If the data bears out, it’s a game-changer. But “real-world implementation, however, will require more including standardized diagnostic algorithms, confirmatory imaging and biopsy and proper safeguards to ensure consistent follow-up,” Abazeed says.
Something must change when it comes to cancer care, O’Donnell says. Sure, people are living longer with cancer, but cures come when you find diseases early. “Anybody who’s been in practice long enough knows that we need to be doing something differently,” O’Donnell says.
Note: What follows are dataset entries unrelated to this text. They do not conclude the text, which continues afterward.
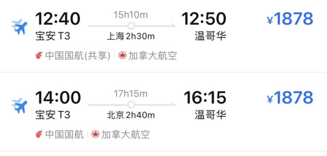 11月4日从西安飞温哥华,经济舱单程票价只要¥1878起;选择搭乘国航,留学生优惠价¥2050:
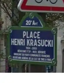 A roundabout in the 20th arrondissement of Paris was given the name Place Henri Krasucki in his honor on 23 June 2005. It is located at the intersection of Rue des Couronnes, Rue de la Mare, Rue Des Envierges and Rue des Cascades near Belleville. For a long time Krasucki lived just off the roundabout at 107 Rue des Couronnes.
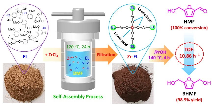 2,5-二羟甲基呋喃(BHMF)是一种新型的生物质基聚合材料单体,具备取代对苯二甲醇的潜力,能够广泛应用于合成聚酯类、聚醚类和冠醚类等高分子材料。MPV转移加氢策略是将生物质基平台化合物5-羟甲基糠醛(HMF)选择性转化为BHMF的有效途径,其中,设计开发高效低成本的催化剂是关键。研究团队针对不同氢供体的供氢能力和空间位阻,利用溶解热自组装法和牺牲模板法分别构筑了具有Zr4+-O2-酸碱对的木质素基双功能催化剂(Zr-EL)和具有Zr-N4配位结构的单原子催化剂(Zr/NC)。催化剂表征和实验结果表明:Zr-EL和Zr/NC均展现出了优异的催化活性和催化选择性,而且还具有良好的循环稳定性和底物普适性。相关研究成果为新型高效催化剂的再设计与改进和转移加氢体系的再完善与应用提供了重要参考。
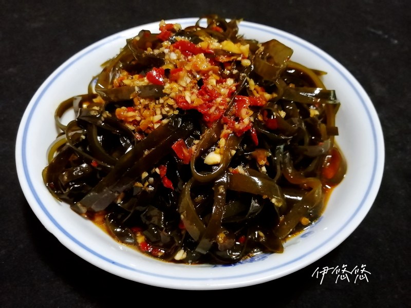 2:碗里加入所有调料拌匀,热油浇入调料中,再全部倒入海带上面拌匀即可。
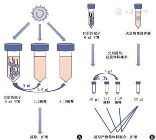 注:A为模拟混采样本制备,B为提取后混合模板制备;VTM为病毒保存液
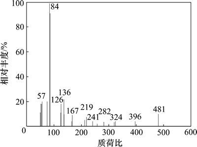 质荷比为324,282,241,219和84各碎片峰都可找到相对应的碎片离子,其中质荷比为84的碎片峰因相对丰度最大为基峰。盐酸头孢吡肟(1)的质谱分析结果如表6所示。
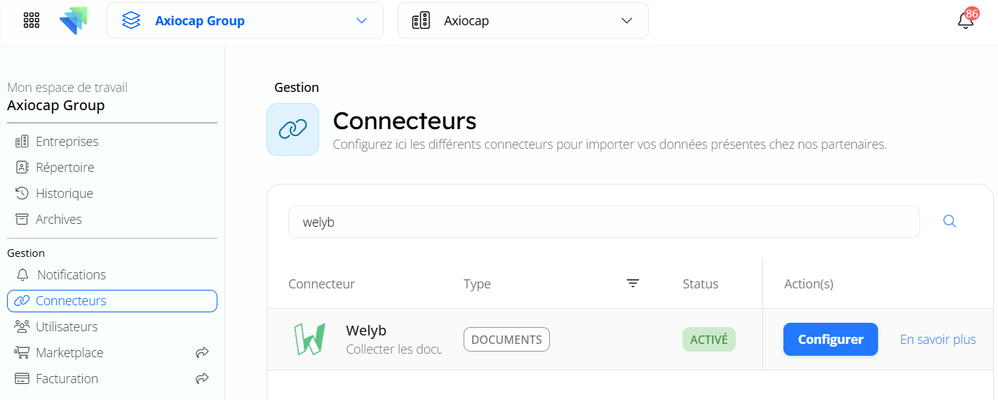 • 2 nouveaux partenaires sont intĂ©grĂ©s Ă  la solution Axiocap et permettent l’import rapide de vos sociĂ©tĂ©s depuis la pages des connecteurs.
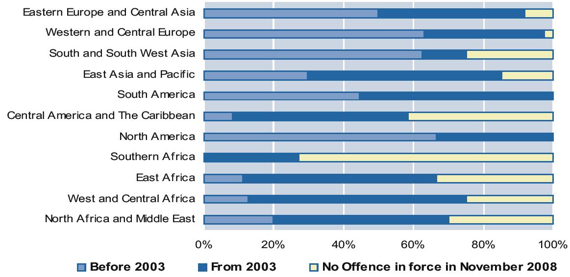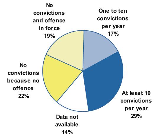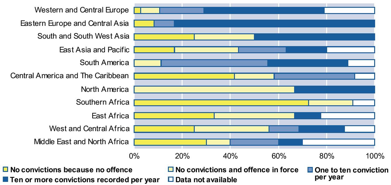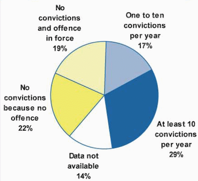 11. About 10 out of 61 of these countries and territories are in the small Pacific Islands and the East Caribbean. The percentage of countries where no convictions were recorded would be 33% if these countries and territories were not taken into consideration. [Back]
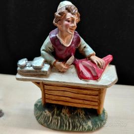 statuina di un macellaio (o salumiere) classico personaggio per il presepe alta circa 10,5 cm. Caratteristiche del Prodotto: Soggetto: Un artigiano intento a tagliare della carne su un banco da lavoro in legno. Materiale: Spesso queste figure vintage sono realizzate in resina o pasta di legno, materiali tipici della tradizione artigianale italiana. Produttore: Lo stile è coerente con marchi storici come Euromarchi o Fontanini, noti per le loro statuine dipinte a mano. controlla gli altri miei annunci per sfruttare la spedizione unica. Grazie.
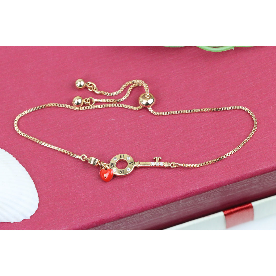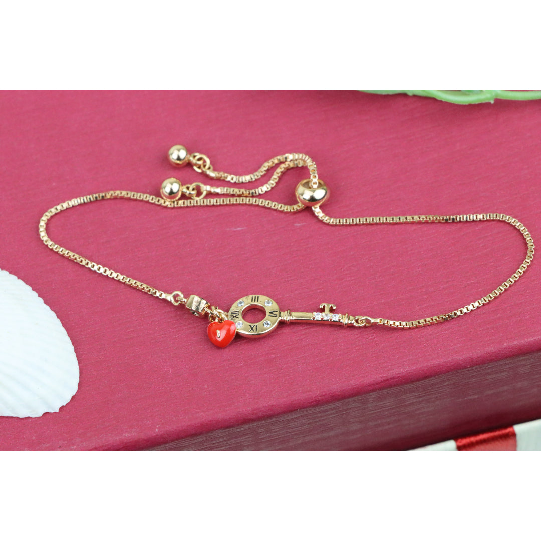 Rose Gold Key and Heart Charm Adjustable A-Bracelet for Women, XPAB0695
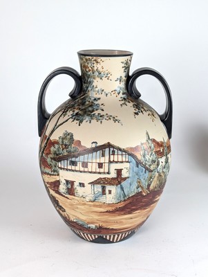 GRANDE AMPHORE en grès émaillé polychrome, à décor d'une famille de Basques sur fond de paysage. Marquée au tampon et signée H. Moreau.
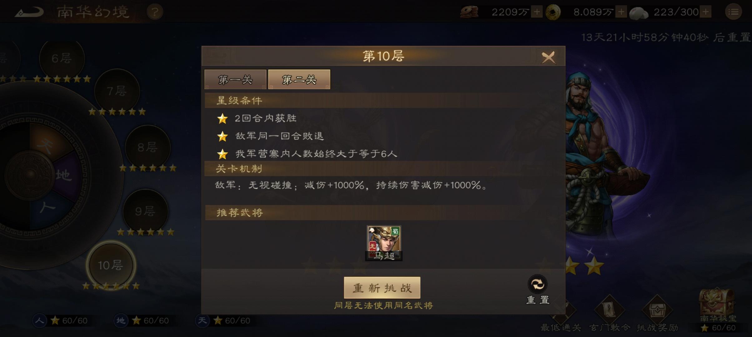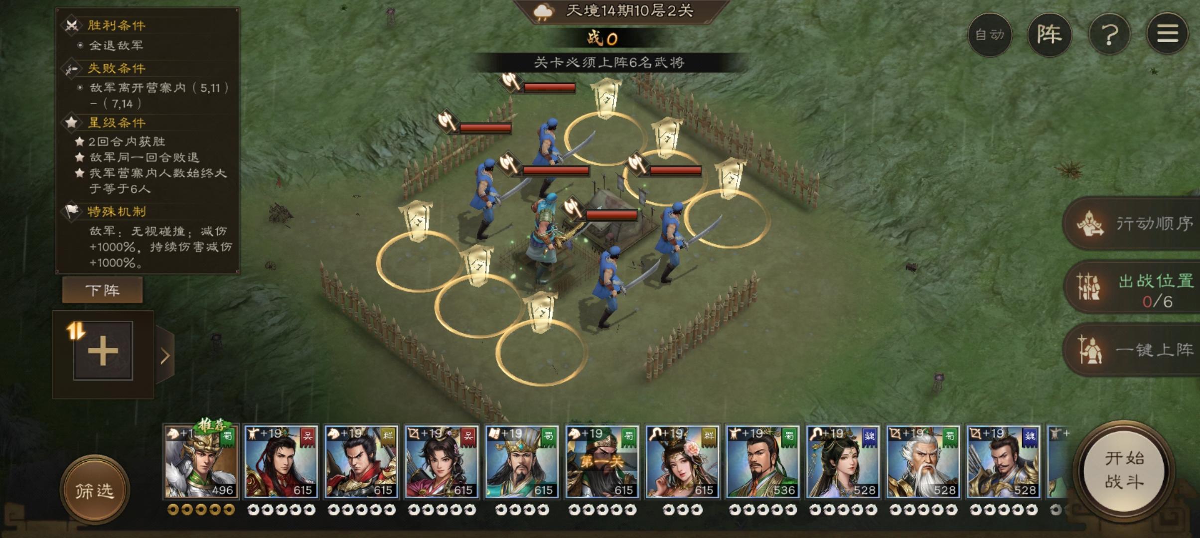 本关敌军拥有高额减伤和穿越移动,开局被围在寨里,敌军ai会向寨外走,一旦逃到外面游戏就会失败,所以我军如果没有马超只能用减速+真实伤害的打法来过关
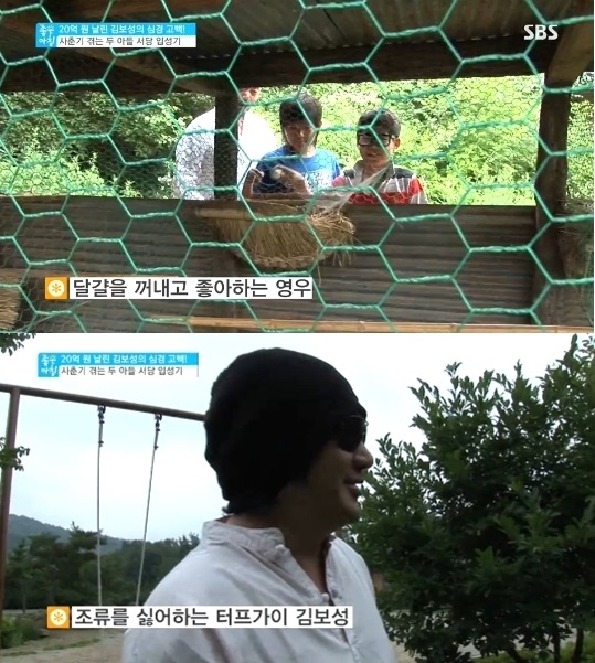 이날 방송에서 김보성은 아들 허정우, 허영우와 함께 두메산골 서당을 찾았다. 두 아들은 서당님의 안내에 따라 양계장으로 향한 후 방금 전 닭이 낳은 달걀을 집어 들며 신기해했다.
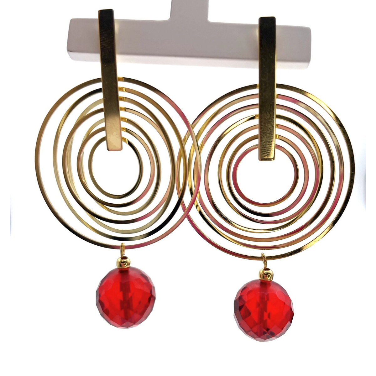 Estos pendientes de botón chapados en oro presentan bolas de ámbar facetadas en rojo que añaden un toque de elegancia y sofisticación a cualquier atuendo. El ámbar es una resina fosilizada que ha sido valorada por su belleza natural y durabilidad durante siglos. Las bolas facetadas rojas utilizadas en estos pendientes captan la luz de manera hermosa y brillan con cada movimiento. Los pendientes se aseguran con un poste y cierre chapados en oro, lo que garantiza que se mantengan en su lugar durante todo el día. El chapado en oro de 24k añade un toque de lujo a los pendientes y complementa el rico color del ámbar. Estos pendientes son perfectos tanto para ocasiones casuales como formales y pueden usarse con una variedad de atuendos. Ya sea que te estés arreglando para una noche fuera o quieras añadir un toque de glamour a tu look diario, estos pendientes de ámbar chapados en oro son una elección impresionante.
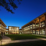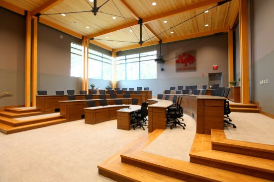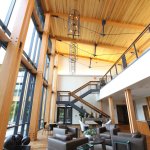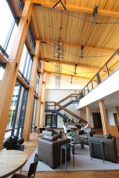 Use of the material continues to the interior, where it’s incorporated as ceilings in the conference room, lounge, gym, and corridors. Custom cypress millwork also can be found at individual workstations throughout the building. In all, the visually striking structure features 50,000 board feet of cypress.
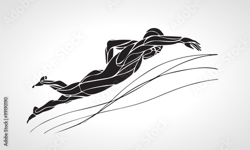 Vector image of a swimmer.It is drawn in the style of engraving. swim icon.
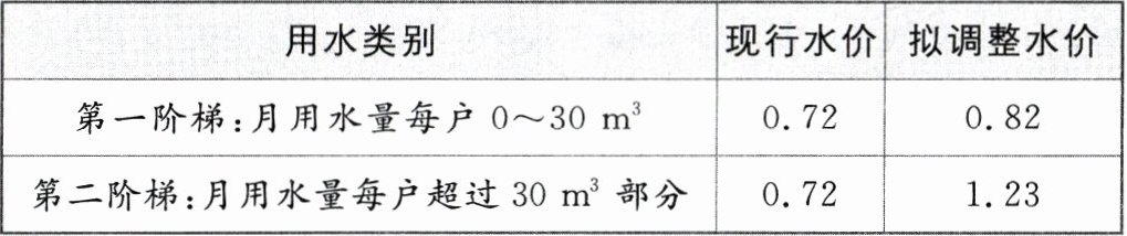 10. 以下是某市自来水价格调整表(部分):(单位:元$/m^3$)

My negative results didn’t surprise me. I wasn’t exhibiting cancer symptoms and the test is geared toward those 50 and older anyway (I was 32 at the time), given that age is the biggest risk factor for developing cancer. But it was still nice to know that a deadly cancer wasn’t hiding in a random organ.
Before you take the test yourself, make sure you read up on all the caveats and chat with a trusted healthcare provider first. The “no cancer signal detected” sentence was comforting for me and the other 99% – but not a lifetime guarantee.